Small formats gain momentum, grab attention

The coming year will see the most aggressive expansion of Neighborhood Market since the concept was introduced in October 1998.

BENTONVILLE, Ark. — Walmart’s Neighborhood Market concept finally is getting its due more than 12 years after the first unit opened in late 1998. Next year, the company expected to open between 30 and 40 small stores, the majority of which will be Neighborhood Market units, in addition to a handful of pilot stores measuring less than 30,000 sq. ft. that the company views as a potential growth vehicle for either urban or rural markets.

The uptick in interest in smaller-format development comes as the Walmart supercenter is close to saturation. At the end of the third quarter, there were 2,882 supercenters in operation, and with next year’s plan to add between 155 and 165 supercenters, the company easily should surpass the 3,000-unit market. By comparison, there were only 181 Neighborhood Markets, four Marketside stores and two Supermercado stores. Overall, the level of capital expenditures and square footage expansion next year will remain the same as this year, with plans calling for between $7.5 billion and $8 billion spent on adding roughly 11 million sq. ft. of space.

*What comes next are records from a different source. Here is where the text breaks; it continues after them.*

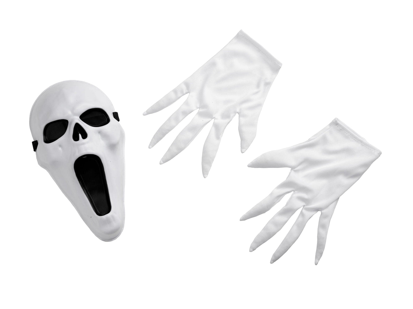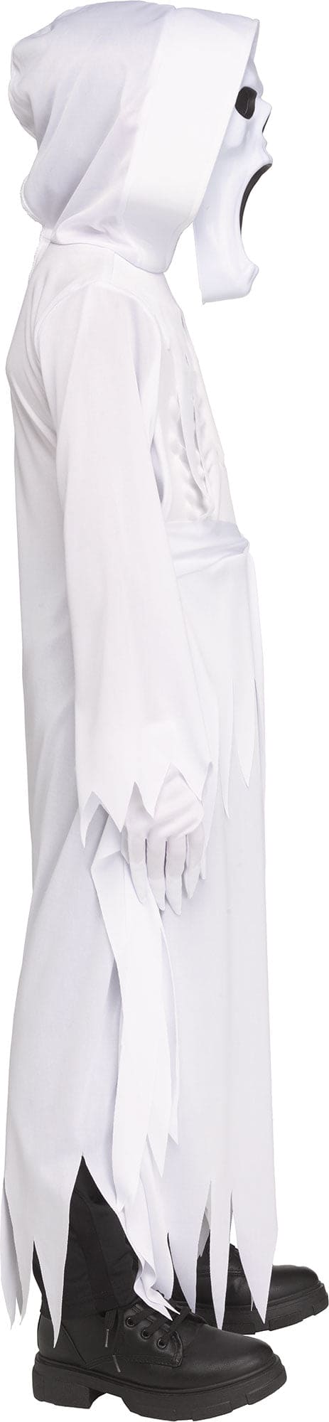 Includes: Hooded White Fused EVA Chest Robe with Belt. Long Finger Gloves and Mask. Child Size M 8/10 or L 12/14.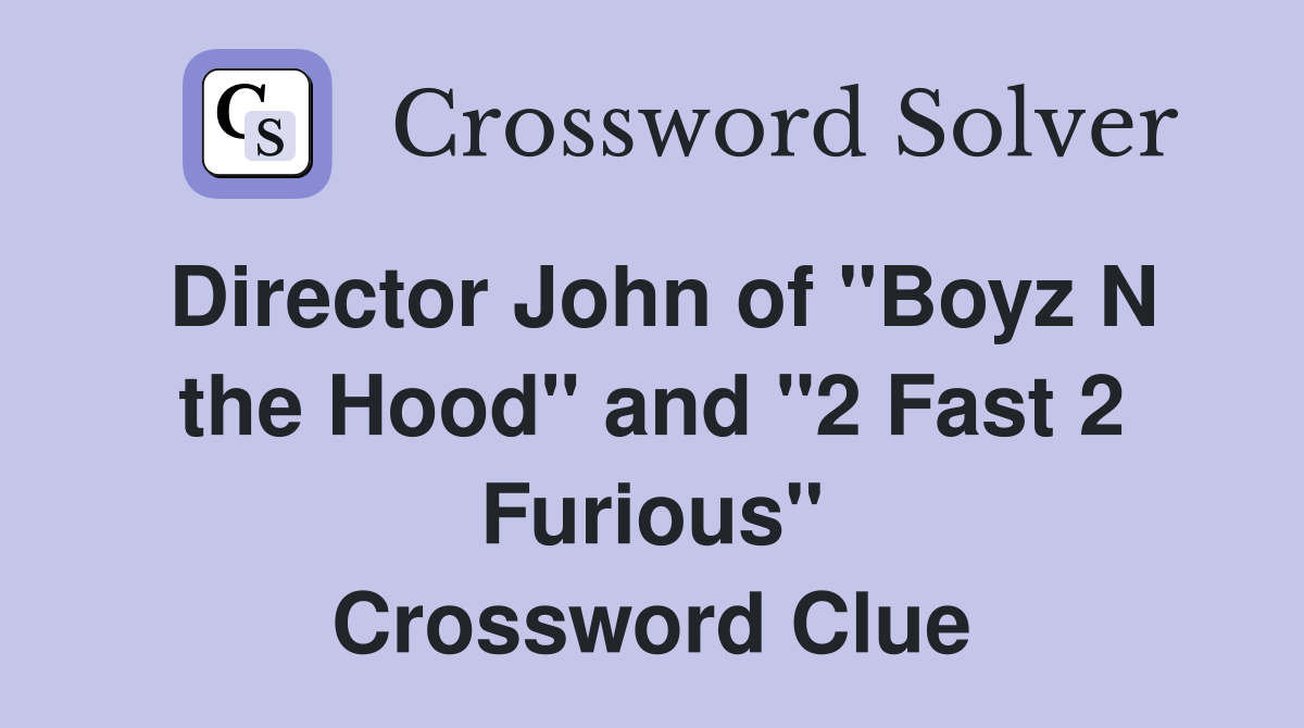 Director John of quot Boyz N the Hood quot and quot 2 Fast 2 Furious quot Crossword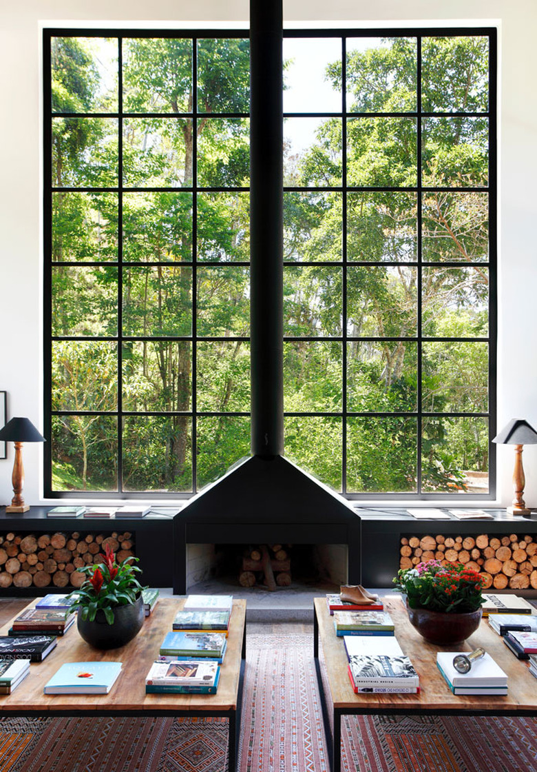 The architecture firm that designed this dream house has us packing our bags for Rio De Janeiro, where they are based. Check out the symmetry — one of the main tenets of good design — in this room. Wood tables and bohemian rugs add warmth to the high contrast architectural elements. We heart everything about this.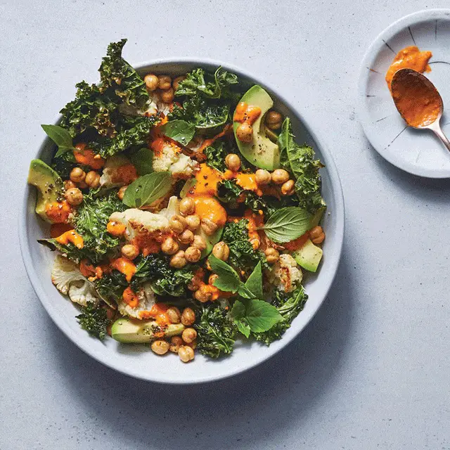 Start your week with a hearty, flavorful salad: Monday's version features kale, chickpeas, and a turmeric dressing. You'll follow that with slow cooker turkey chili on Tuesday which only requires 15 minutes of prep. On Wednesday and Thursday, you'll use lamb. First, the meat is turned into burgers and served with roasted vegetables and a butternut squash compote. The next night, it becomes Middle Eastern meatballs. Friday's dinner is a healthier stuffed cabbage—our interpretation swaps the traditional rice and beef for cauliflower and ground turkey.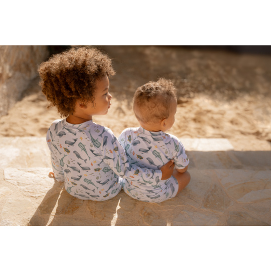 Plavky z UV ochranné tkaniny s krásným potiskem chrání vaše dítě před sluncem při koupání u moře i doma na zahradě. Ať už vaše děti milují skákání ve vlnách, koupání v bazénu nebo si rády staví hrady z písku, v těchto plavkách si mohou bezstarostně užívat celý den. Složení: 82% recyklovaný polyester, 18% elastan Ochranný faktor: UPF 50+ Při pobytu na slunci používejte pro dítě ochranné opalovací krémy. Možno prát v pračce na 30°C. Po každém použití plavky propláchněte v čisté studené vodě.

The upshot for the coming year and beyond is that urban markets, and to a much lesser extent rural areas, represent the single greatest domestic growth opportunity available to the company, which is why there is an increased, albeit modest, amount of capital being devoted to smaller stores. However, aside from indicating that the majority of next year’s small- and medium-format stores will be Neighborhood Markets, the company has not disclosed the size or location of its experimental stores, or indicated whether they would carry a different name.

What’s clear is that there is intense interest in Walmart’s small-format plans and that the product mix is likely to include food, consumables and health and wellness due to the high-velocity nature of those categories. Plenty of retailers have experimented with or indicated they plan to open smaller stores in the years ahead, but they don’t attract the interest of Walmart due to the company’s deep pockets and the ability to expand rapidly a retail concept that meets financial 
performance targets.

In addition to the means and motive to pursue small-format growth, several things have changed since the first Neighborhood Markets stores opened in the late ’90s and fueled speculation about growth. Today, Walmart has the distinct advantage to leverage its abundant international experience as it operates thousands of small-format stores in multiple formats across multiple markets. In addition, the company has improved its sullied reputation to the point where elected officials in urban markets now are more likely to green light growth plans as evidenced by recent wins in Chicago and Washington, D.C.

That said, Walmart’s small format will remain a work in progress throughout the coming year, with any type of meaningful expansion unlikely to occur until 2012 and beyond.